Хорошо было так ходить и разговаривать — кругом снег…
Ну, я и опоздал.
А мама начала кричать, почему я опоздал к обеду?
Вечно я где-то болтаюсь, а с нее довольно стряпни и грязной посуды, и башмаки я деру, а был бы девчонкой, так давно бы ей помогал, вот она пойдет в школу и пожалуется, что я расту хулиганом, и это Ирена должна быть старшей, а я младшим, и мама из-за меня умрет.
Я стою и ничего не понимаю.
Если я опоздал, то могу съесть обед холодным или вовсе не есть; могу сам тарелку вымыть.
Мама поставила еду, а я не хочу. Мама еще пуще:
— Ешь!!! Еще капризничать будет, гримасы строить!
Я не хочу ее еще больше раздражать и ем. Но каждый кусок становится у меня поперек горла. И не могу проглотить. Хоть бы еда в тарелке скорее кончилась.
И только вечером я узнал, что маме моль изъела платье. Скоро именины, а платье молью изъедено. Значит, и за то, что сделает моль, должны отвечать дети?
Лучше уж и вовсе не знать, отчего взрослые сердятся, когда дают нагоняй. Чувствуешь, что с ними что-то приключилось, но ищешь вину и в себе, пока не найдешь.
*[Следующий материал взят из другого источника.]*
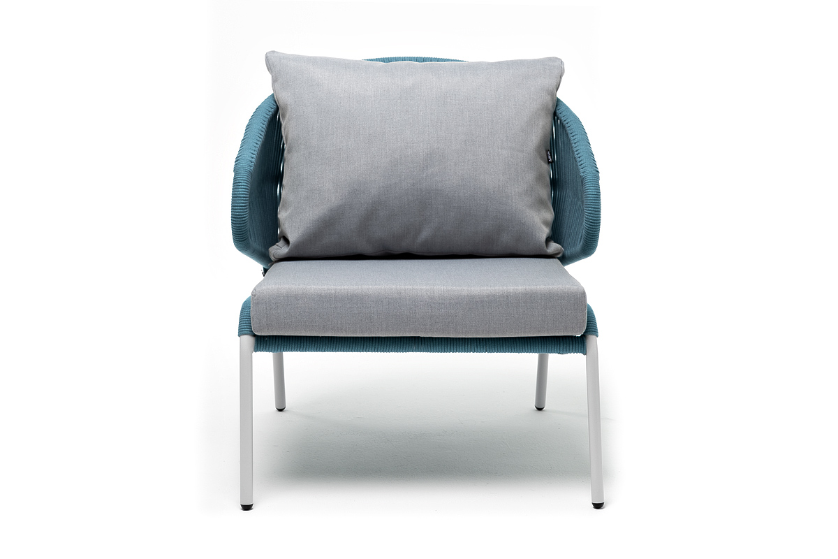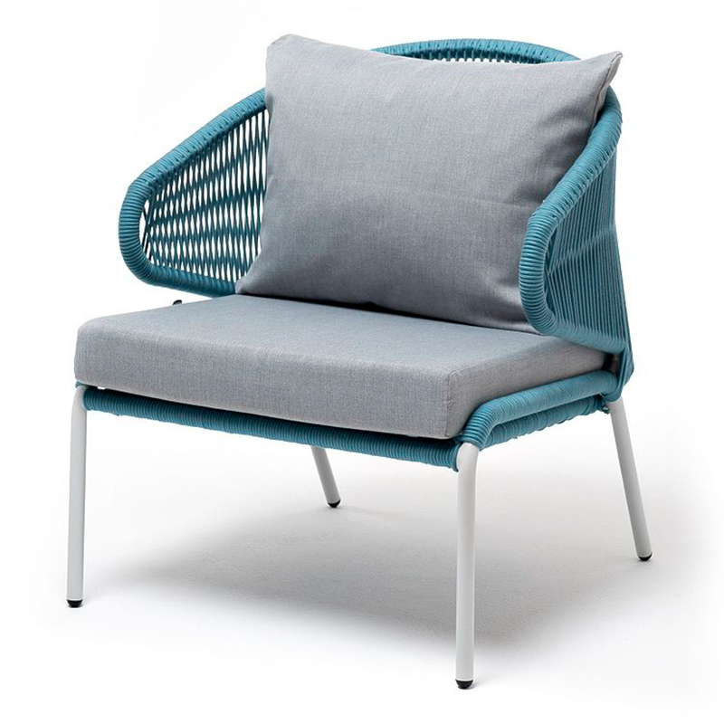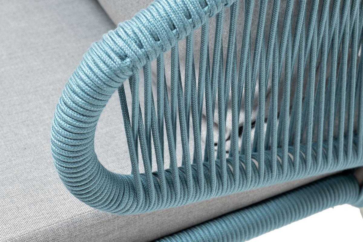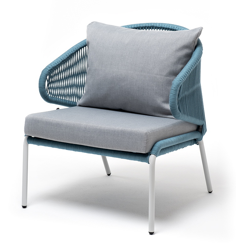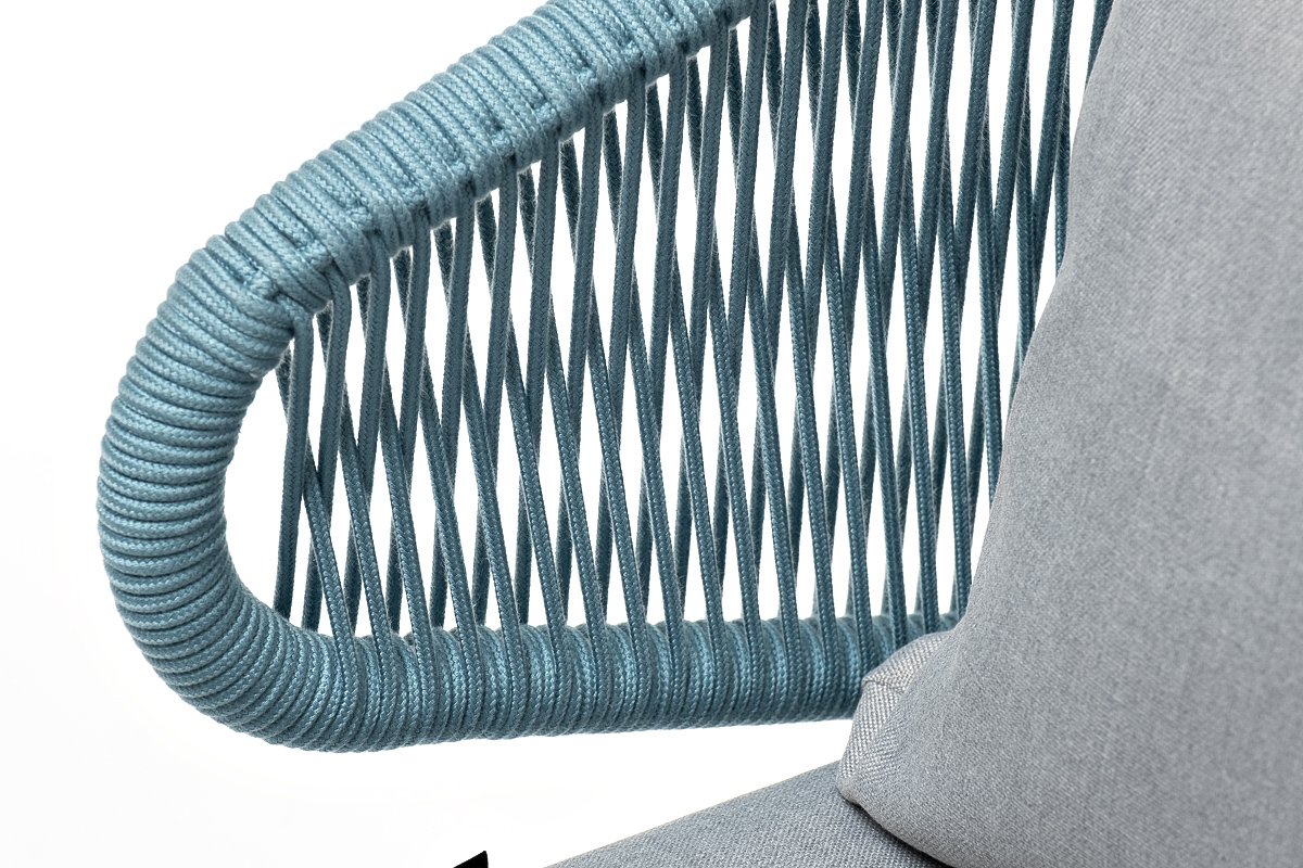 "Милан" кресло плетеное из роупа, каркас алюминий светло-серый (RAL7035) муар, роуп бирюзовый круглый, ткань светло-серая

Я сижу в углу и делаю уроки. Но боюсь, что придет кто-нибудь из мальчишек и опять начнется:
«Иди дери башмаки, вон тебя уж твои друзья-приятели кличут!»
А ведь я только для того и хотел стать маленьким, чтобы опять играть с ребятами.
И я угадал: кто-то постучался, но тихо-тихо и только один раз. А мама услышала:
— Не смей выходить! Уроки готовь!
Да, я готовлю уроки. И даже нет охоты выходить…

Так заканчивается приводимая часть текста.